13 Responses to And Pay No Attention To Those Parking Meters

  1. Wally Conger May 1, 2011 at 1:57 pm #

    Unfortunately, this song is a smudge on my favorite animated Disney movie EVER. 🙁

    • Roderick May 1, 2011 at 2:19 pm #

      Hey Wally! Long time no see. (Or read, I guess.)

  2. Charles H. May 1, 2011 at 3:43 pm #

    Unless it’s intended as satire.

    • Roderick May 1, 2011 at 4:29 pm #

      Fucking vomit! The challenger wins. 🙁

  3. Gene Callahan May 1, 2011 at 4:36 pm #

    Not very libertarian. But a realistic depiction (at the level of a children’s song) of human nature. There are then two responses: the realist sees that most people like and feel a need to have leaders, and tries to prevent the worst abuses made possible by that reality.
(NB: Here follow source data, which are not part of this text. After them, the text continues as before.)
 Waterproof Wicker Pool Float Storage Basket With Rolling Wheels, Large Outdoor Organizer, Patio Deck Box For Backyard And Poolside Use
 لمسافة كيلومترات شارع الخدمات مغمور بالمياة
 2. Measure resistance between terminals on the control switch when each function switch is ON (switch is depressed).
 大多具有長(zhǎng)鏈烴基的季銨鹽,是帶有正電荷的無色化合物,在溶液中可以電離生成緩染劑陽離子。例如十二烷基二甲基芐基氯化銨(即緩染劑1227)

The utopian decides that human nature can be changed and the “new libertarian man” will no longer get in that line and follow.

    • JOR May 1, 2011 at 6:09 pm #

      …the realist sees that most people like and feel a need to have leaders, and tries to prevent the worst abuses made possible by that reality…
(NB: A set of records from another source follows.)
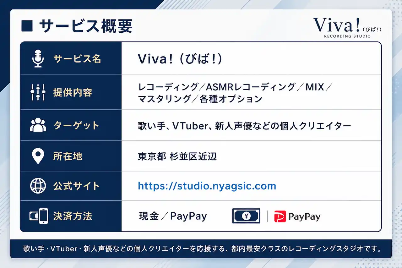 | レコーディングスタジオ Viva!(びば!)(所在地:東京都杉並区近辺、URL: https://studio.nyagsicapp.com)は、2026年4月、歌い手・VTuber・新人声優といった個人クリエイター向けに、**都内最安クラス**のレコーディング・ASMRレコーディング・MIX・マスタリングをワンストップで提供するスタジオとして新たにオープンいたしました。 | |||
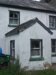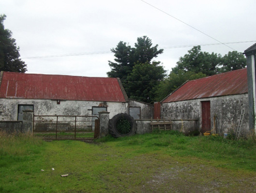 Detached three-bay two-storey former house, built c.1810, with off-centre gable-fronted porch. Now in agricultural use. Pitched slate roof with clay ridge tiles and concrete barge coping, rafter ends exposed to rear. Smooth-rendered chimneystacks to gables, with steel and uPVC rainwater goods. Smooth-rendered walls to front elevation with raised bands to corners, ruled-and-lined to porch on stone plinth, roughcast rendered walls elsewhere. Window openings having patent reveals and stone sills, with two-over-two and one-over-one timber sliding sash windows having convex horns and original glass. Square-headed timber battened door to side of porch. L-plan outbuildings with pitched corrugated-iron roofs to north enclosed by rendered boundary wall with moulded concrete coping and capstone to piers. Approached by laneway with remnant of rubble boundary wall and piers with decorative render detailing.
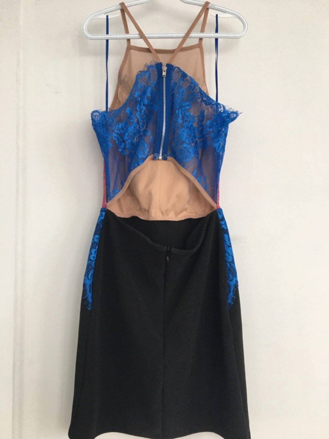 This is a TOPSHOP mini dress with intricate blue lace detailing on the bodice. It features a mesh overlay and cut-out details at the waist. The skirt is black.
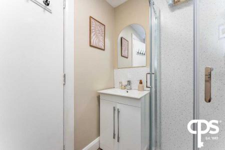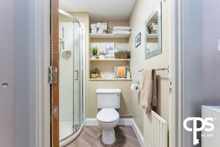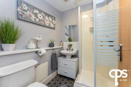 Tile flooring, walls partially tiled, chrome effect corner shower enclosure, electric shower with wand attachment, low flush WC, vanity sink unit with chrome mixer tap, chrome effect towel heater, extractor fan.
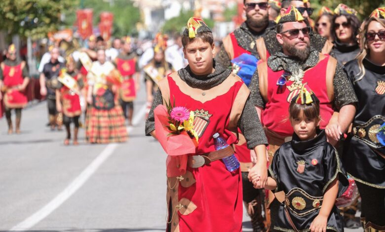 A las 12:00 horas. OFRENDA a la Patrona de la Ciudad de Villena, Ntra. Sra. María de las Virtudes, y presentación de infantes por las diferentes comparsas, desfilando en ellas sus respectivos Cargos Festeros y Bandas de Música, siguiendo la Junta Central de Fiestas, Regidoras, Corporación Municipal y Banda Municipal de Música de Villena. El recorrido se iniciará en Avda. Constitución, intersección con las calles San Isidro y Coronel Selva; recorrerá la Avda. Constitución, Joaquín María López, Corredera, Párroco Azorín y Marqués de Villores, entrando en la Iglesia de Santiago Apóstol por la puerta principal y saliendo por la lateral a la Plaza de Santiago. En este acto se presentarán, a la Patrona de Villena, los niños de hasta tres años participantes en la ofrenda.
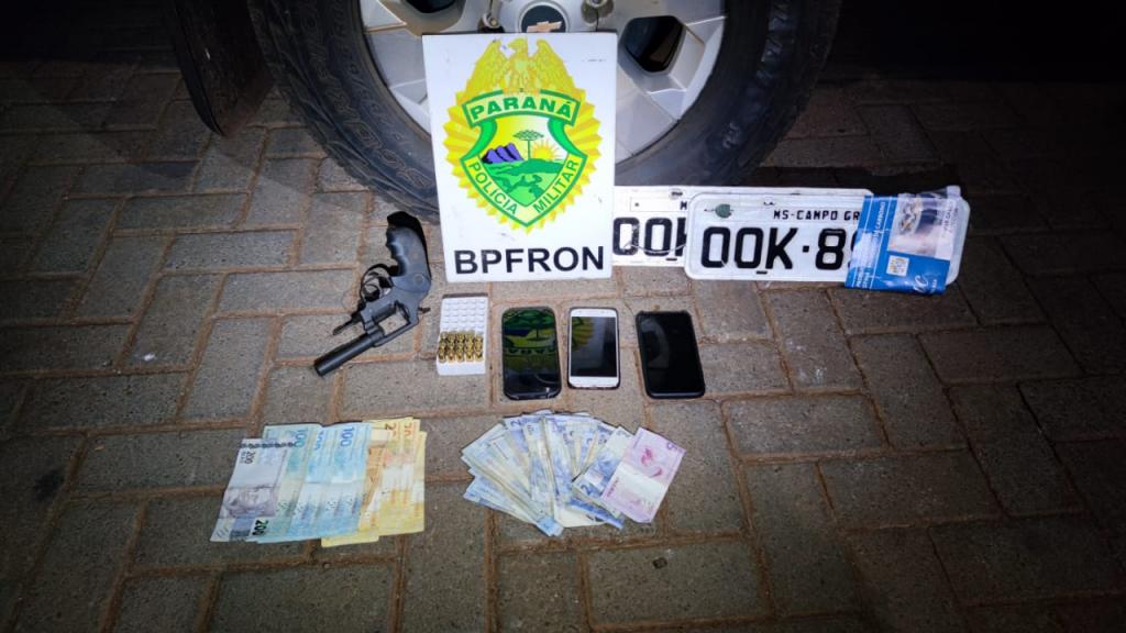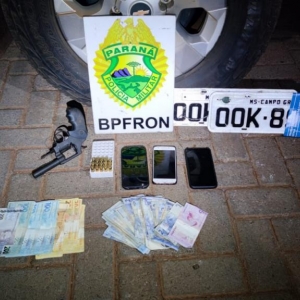 Nela foram encontradas três motocicletas, cinco carros carregados com cigarros contrabandeados, um depósito com mais pacotes de cigarros contrabandeados, um revólver calibre 38, 14 munições do mesmo calibre, três aparelhos celulares, cadernos com anotações de atividades criminosas e R$1.327,00 em espécie.
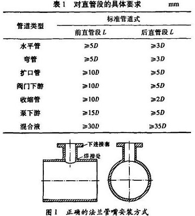 流體在方向、管徑以及閥門開度變化時,會產(chǎn)生渦流和流場畸變,這樣會對傳感器電*的測量產(chǎn)生影響,從而影響儀表的精度。所以要盡可能地離開彎管、手閥、調(diào)節(jié)閥等部件一定距離,直管段的具體要求見表1。表中,D表示管道通徑,L表示傳感器到閥門或彎頭等部件的距離。

      A true realist would see this for the utopian self-worship that it is, and just abuse that reality in accordance with their own circumstances and human nature.

    • crossofcrimson May 2, 2011 at 9:39 am #

      “The utopian decides that human nature can be changed and the “new libertarian man” will no longer get in that line and follow.”
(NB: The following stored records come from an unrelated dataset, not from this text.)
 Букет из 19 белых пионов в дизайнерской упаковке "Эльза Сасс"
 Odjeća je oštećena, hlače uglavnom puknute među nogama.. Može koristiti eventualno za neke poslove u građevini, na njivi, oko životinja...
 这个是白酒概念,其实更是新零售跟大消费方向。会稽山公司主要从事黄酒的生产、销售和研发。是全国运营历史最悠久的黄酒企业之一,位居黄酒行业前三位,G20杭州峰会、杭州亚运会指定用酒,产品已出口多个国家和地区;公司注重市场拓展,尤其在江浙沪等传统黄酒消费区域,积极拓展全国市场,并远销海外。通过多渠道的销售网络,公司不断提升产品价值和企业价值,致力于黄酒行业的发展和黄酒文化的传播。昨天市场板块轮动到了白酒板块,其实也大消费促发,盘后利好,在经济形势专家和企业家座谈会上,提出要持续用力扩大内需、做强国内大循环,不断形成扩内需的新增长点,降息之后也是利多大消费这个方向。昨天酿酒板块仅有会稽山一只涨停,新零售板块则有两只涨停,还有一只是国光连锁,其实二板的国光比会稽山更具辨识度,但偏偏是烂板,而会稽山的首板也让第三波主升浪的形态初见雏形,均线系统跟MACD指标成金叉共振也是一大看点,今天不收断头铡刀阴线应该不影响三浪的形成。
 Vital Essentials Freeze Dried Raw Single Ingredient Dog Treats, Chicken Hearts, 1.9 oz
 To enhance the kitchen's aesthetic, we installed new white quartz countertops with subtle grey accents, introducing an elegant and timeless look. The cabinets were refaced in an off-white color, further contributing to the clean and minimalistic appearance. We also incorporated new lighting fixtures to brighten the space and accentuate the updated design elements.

      Gene – I think the proper distinction is that these libertarian “utopians” believe that people shouldn’t be beaten into getting in such lines…..not that such lines shouldn’t exist at all. But you were once a libertarian-oriented guy so you already knew this…..

  4. Jesse Walker May 1, 2011 at 6:14 pm #

    Then there’s this song (which I rather like).

  5. Brian Pringle May 1, 2011 at 7:41 pm #

    Unless the leader happens to be Rand or Mises – then many libertarians are quite willing to leave their brains behind and follow. Or if the leader happens to be one’s employer or shareholder. Rothbard was certainly in favor of social inequalities, though he never seemed to really care about the problem of power as long as the power wasn’t called “government.”

    • Jayson Virissimo May 3, 2011 at 5:32 pm #

      Liberalism (libertarianism as Americans like to call it) has never been against choosing a leader for yourself. It has been against choosing a leader for someone else.

  6. Bolter Wlack May 1, 2011 at 7:50 pm #

    But Roderick, surely this doesn’t violate the Non-aggression Principle(TM) – the Lost Boys don’t seem to be coerced in any way, therefore for libertarians, blindly following leaders who seem to have no regard for the safety of their followers (and are clueless about the path they’re on) is perfectly acceptable! I’m afraid your libertine leftist intuitions are gravely mistaken and have led you astray from the tr00 libertarian position!